▶ [Listed entries]
-.-.-

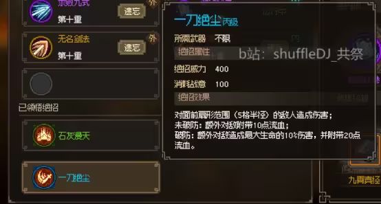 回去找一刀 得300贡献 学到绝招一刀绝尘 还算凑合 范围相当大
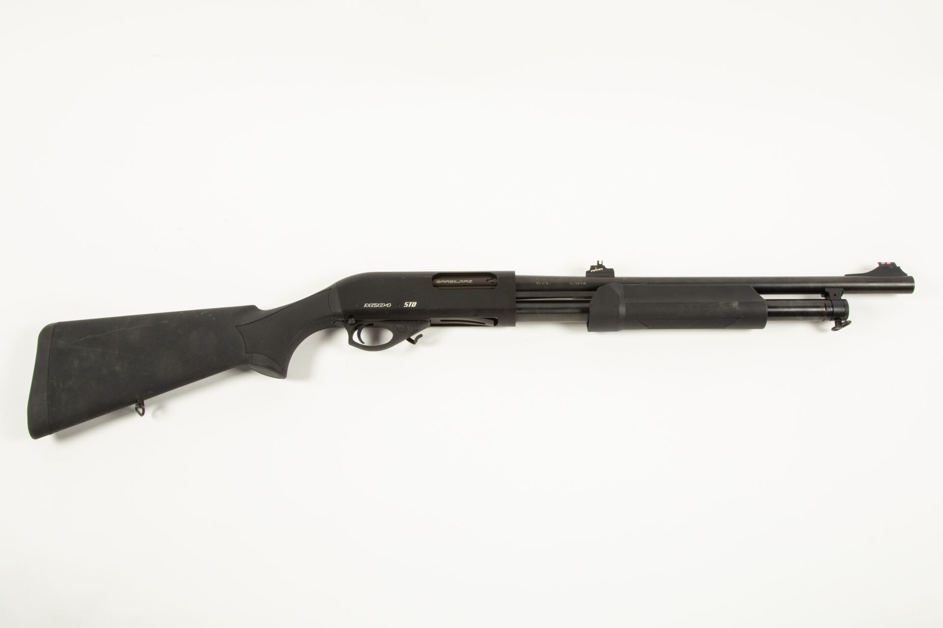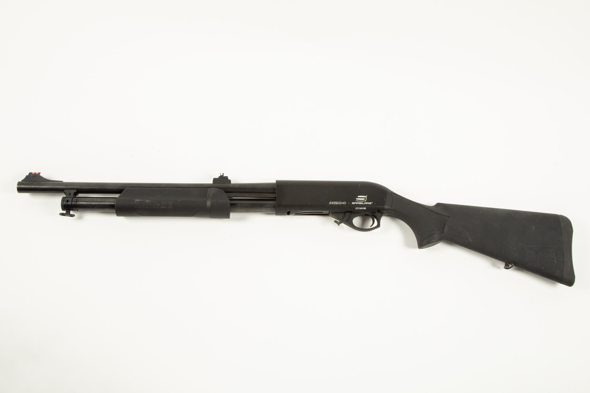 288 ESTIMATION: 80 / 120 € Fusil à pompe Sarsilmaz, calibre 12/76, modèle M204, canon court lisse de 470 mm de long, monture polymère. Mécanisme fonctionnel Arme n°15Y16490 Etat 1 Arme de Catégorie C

-.-.-

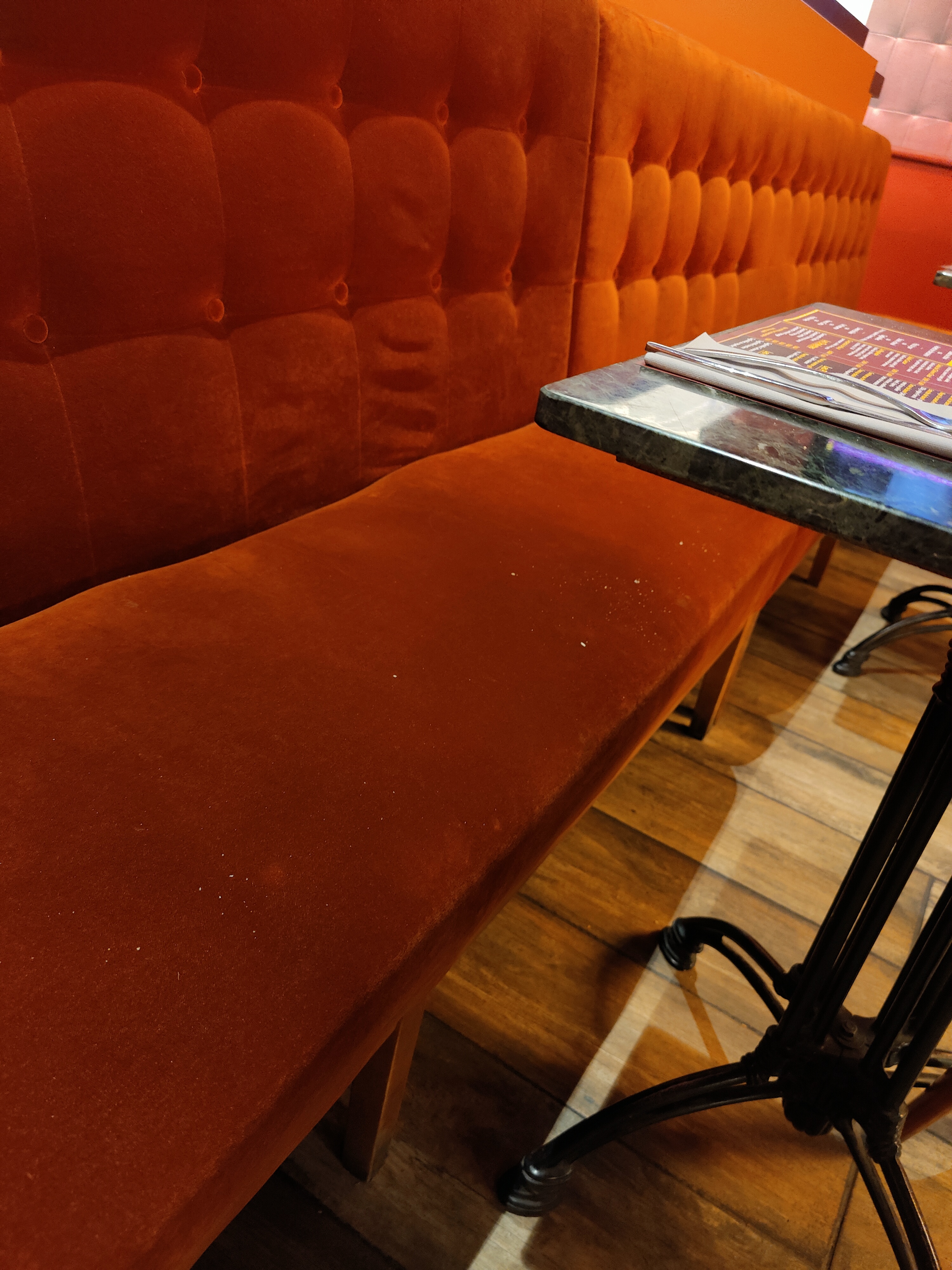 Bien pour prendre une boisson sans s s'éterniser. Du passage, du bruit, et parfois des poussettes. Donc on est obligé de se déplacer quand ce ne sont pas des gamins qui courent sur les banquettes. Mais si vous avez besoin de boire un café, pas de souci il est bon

-.-.-

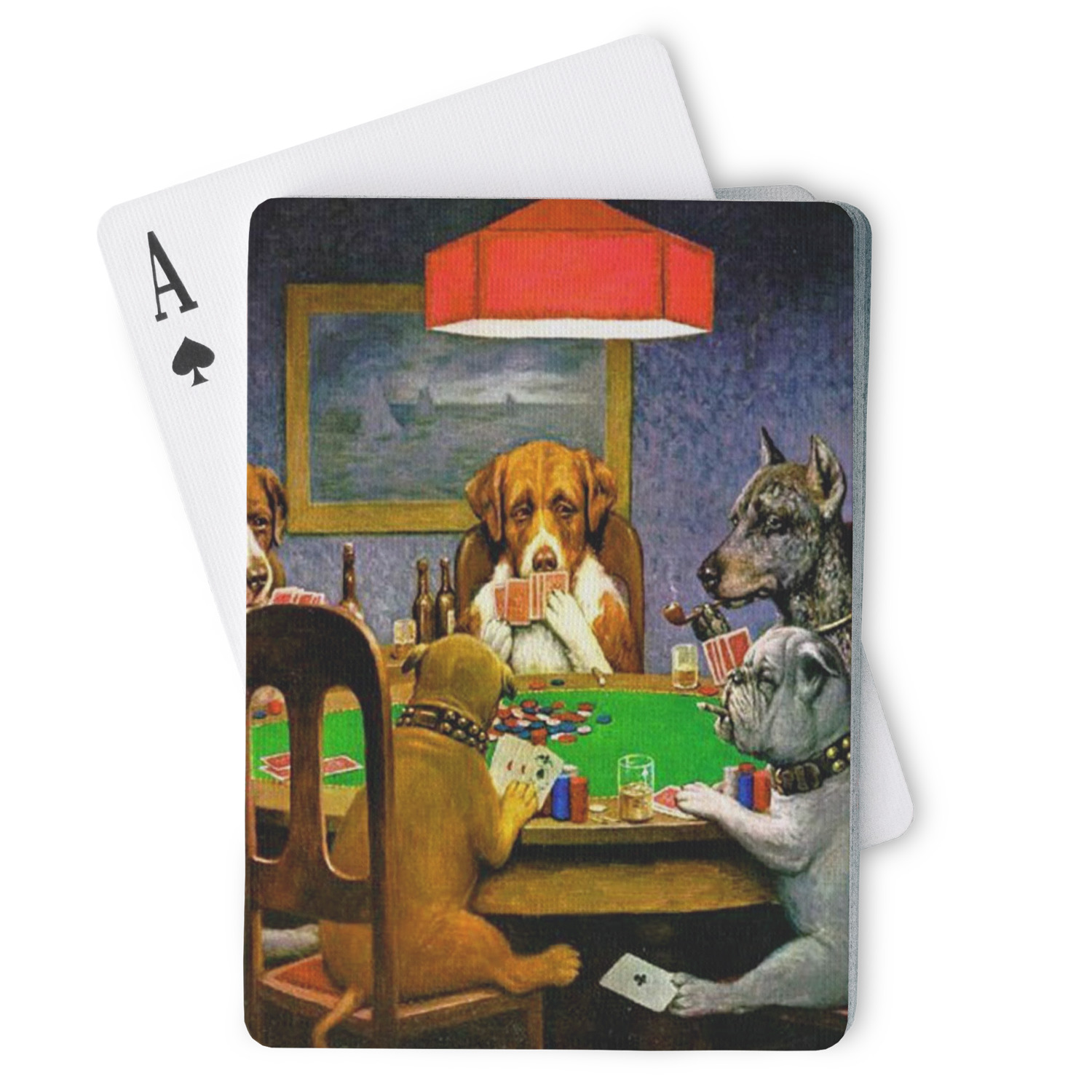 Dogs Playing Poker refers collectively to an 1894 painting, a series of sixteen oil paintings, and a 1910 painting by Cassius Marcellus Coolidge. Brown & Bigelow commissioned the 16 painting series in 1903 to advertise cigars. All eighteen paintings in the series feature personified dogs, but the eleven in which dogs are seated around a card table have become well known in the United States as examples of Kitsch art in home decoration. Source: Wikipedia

-.-.-

▶ [What needs to be done]
Using the entries above, repeat exactly the lines from the one with "回去找一刀 得300贡献 学到绝招一刀绝尘 还算凑合 范围相当大" to the one with "288 ESTIMATION: 80", both included, and leave the pictures behind.

▶ [Written solution]
 回去找一刀 得300贡献 学到绝招一刀绝尘 还算凑合 范围相当大
 288 ESTIMATION: 80 / 120 € Fusil à pompe Sarsilmaz, calibre 12/76, modèle M204, canon court lisse de 470 mm de long, monture polymère. Mécanisme fonctionnel Arme n°15Y16490 Etat 1 Arme de Catégorie C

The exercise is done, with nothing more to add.